EV Load Demand Prediction via Transport Simulator Integration
Find Innovative SolutionsGenerate Solutions
Solution Overview
Problem
Existing methods for predicting Electric Vehicle (EV) load demand on an electric grid lack accuracy due to insufficient consideration of traffic demand, EV models, and regenerative braking, which are crucial for understanding the spatial distribution of EV load on the grid.
Innovation Solution
A method and system that integrate an EV model with a transport simulator to predict temporal-spatial distribution of EV load demand by tracking the State of Charge (SOC) of batteries in real-time, taking into account velocity, acceleration, and traffic conditions, and aggregating the data to provide a detailed impact on the electric grid.

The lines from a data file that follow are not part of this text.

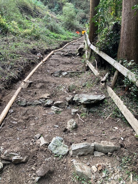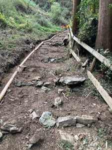 和歌山市民図書館は2020年に開館した複合施設キーノ和歌山と連結した近代的な施設です。この日は、同館事業に応募された方々の道普請で、筆捨松周辺の古道整備を行いました。整備は主に水道(みずみち)の整備で、地道な作業に皆さん懸命に取組みました。このような企画を立案いただきました同館ご担当者様並びにご参加の皆様方に心よりお礼申し上げます。
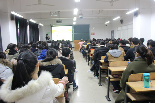 张斌经理以“专注现在,赢得未来——大金融时代下的创业与就业机会”为主题开始了此次宣讲。张斌经理以他两位朋友的财富变化为例,说明了期货的高风险、高利润,提起大家的兴趣。又对人民币贬值问题,钢铁、橡胶等一系列产品的物价变化说明了金融与我们每个人都密切相关,继而展示了一个以全民理财为中心的消费时代和金融创新时代的到来。接着引用李克强总理的话:“我们推进金融改革的决心是坚定的”,阐述了中国金融崛起的条件和中国理财市场空间之广阔。
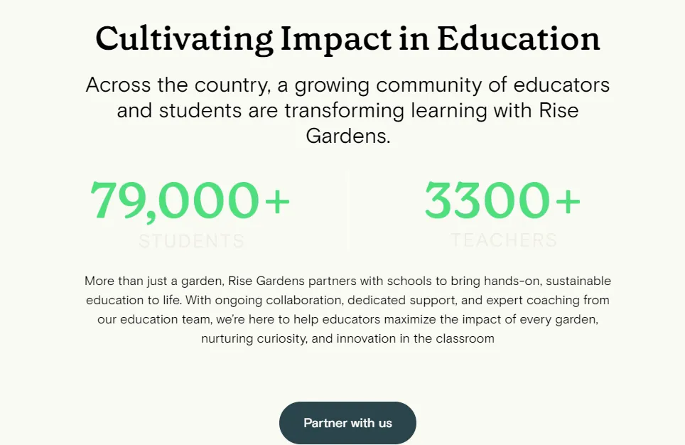除了作为日常食材生产工具,Rise Gardens还通过与学校、教育机构的合作,将智能园艺设备定位为跨学科的学习工具。品牌与教育机构合作,推广智能花园作为自然科学教育的工具,让学生在种植过程中学习生物学、化学和工程学等知识。

Engineering Contradictions & Design Principles
Engineering Contradiction Analysis
1Ease of manufacture
If statistical methods are used for prediction, then the method is simple to implement, but the prediction accuracy is limited
Solution Approach 1:
The patent merges multiple data sources including traffic demand data, EV model data, road network data, and demographic distribution data into a unified prediction framework. This integration allows the system to leverage diverse inputs to improve prediction accuracy while maintaining a cohesive implementation structure.
Solution Approach 2:
The prediction system is designed to handle multiple types of inputs (traffic data, EV models, road network, demographics) and produce comprehensive predictions that can serve various purposes. This multi-functional approach enables the system to adapt to different prediction needs while using a single integrated framework.
2Device complexity
If a coarse-grained EV model is used, then the model is simpler to compute, but it cannot capture regenerative braking effects
Solution Approach 1:
The patent changes the level of detail in EV model parameters to capture regenerative braking effects. By incorporating fine-grained parameters such as braking energy recovery, motor efficiency variations, and detailed powertrain characteristics, the model accurately tracks battery status while accounting for regenerative braking without becoming computationally intractable.
3Quantity of substance
If aggregate level load analysis is performed, then supply-side problems can be identified, but spatial distribution hotspots cannot be detected
Solution Approach 1:
The patent segments the aggregate load analysis into spatial components by dividing the service area into discrete locations or zones. This segmentation allows the system to maintain overall load information while simultaneously identifying spatial distribution patterns and hotspots at granular locations, resolving the contradiction between aggregate and detailed analysis.
Data Source
AI summary
Method and system for predicting temporal-spatial distribution of load demand on an electric grid due to a plurality of Electric Vehicles (EVs) is described. The method includes creating an EV load demand (EVLD) model for a Region of Interest (ROI) serviced by the electric grid, wherein the EVLD model integrates an EV model and a transport simulator simulating EV traffic conditions for the ROI. Further, the method includes computing the load demand in time and space in terms of State of Charge (SOC) of a battery for each EV among the plurality of EVs in the ROI, based on the EVLD model. Furthermore, the method includes aggregating the computed the load demand, in terms of the SOC, of each EV in time domain and space domain to create a temporal-spatial impact of the load demand by the plurality of EVs on the electric grid for the ROI.